Studies have shown that literacy decreases with age, and that this is more pronounced in African-American than Caucasian patients.⁸² Older patients receiving oral anticoagulants must become active participants in their own care, in that they and their families must read and comprehend written information regarding their treatment.⁸² It is also important to ensure that the reading materials supplied to patients with NVAF are sufficiently comprehensible to older adults.⁸² This may in part be easier with NOAC than with warfarin use, due to fewer food and drug interactions associated with NOACs.

Conclusion

AF is less common in African-Americans than in Caucasians; however, African-Americans have a higher risk of stroke.

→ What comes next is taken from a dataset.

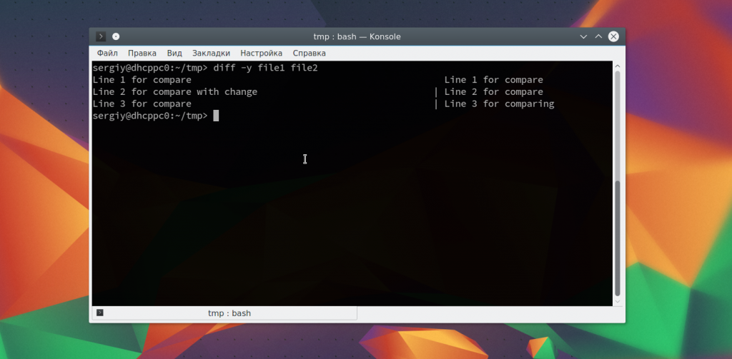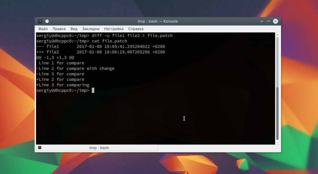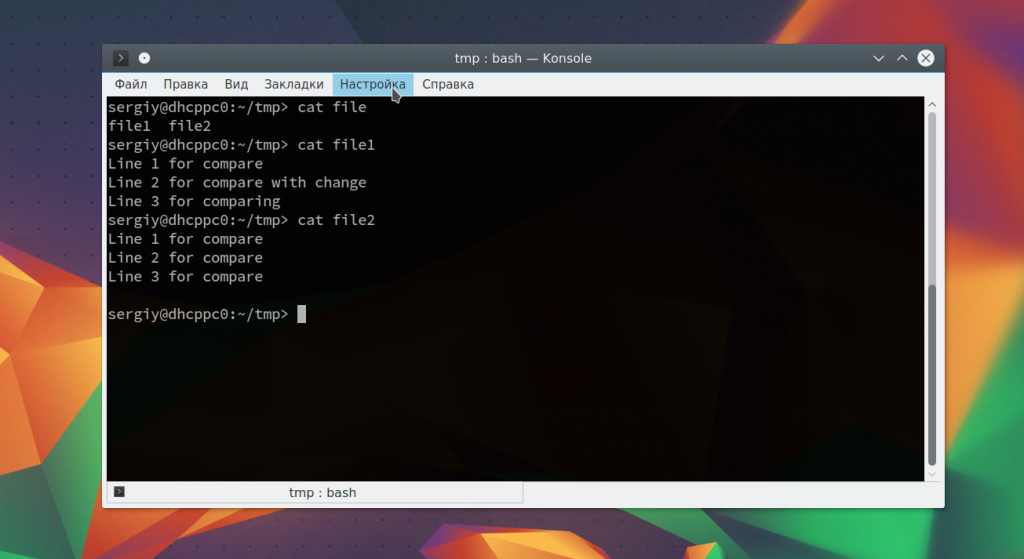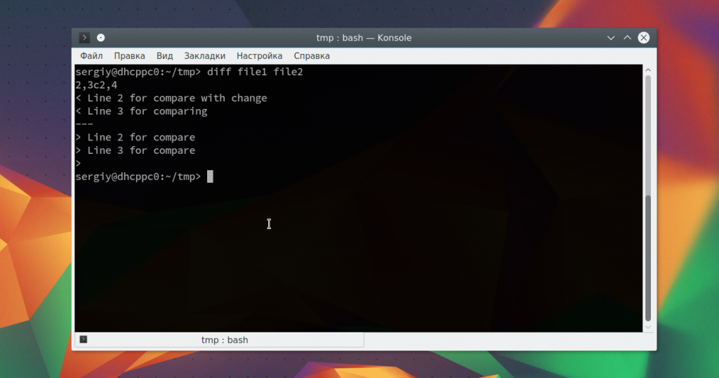 Утилита diff linux — это программа, которая работает в консольном режиме. Ее синтаксис очень прост. Вызовите утилиту, передайте нужные файлы, а также задайте опции, если это необходимо:

This could be due to African-Americans having a higher prevalence of other stroke-risk factors compared with Caucasians, although this may be an oversimplified view, as there are a number of other reasons why this disparity may occur. These include a need for more sensitive methods of detecting AF and a need for better access to health care and patient education for African-Americans. Warfarin-dose requirements vary across racial/ethnic groups, with African-American patients requiring a higher dose than Caucasians to maintain a therapeutic INR: the NOACs seem to differ in this regard, although data are currently limited. Minority racial groups are not proportionally represented in either real-world studies or clinical trials, and as more information becomes available and other social issues are addressed, the treatment disparities between African-American and Caucasian patients should decrease.

Acknowledgments

Professional medical writing and editorial assistance was provided by Claire Hall, PhD, and Nicole Draghi, PhD, at Caudex Medical, and was funded by Bristol-Myers Squibb and Pfizer Inc.

Disclosure

The author reports grant support from Bristol-Myers Squibb and Pfizer. The author reports no other conflicts of interest in this work.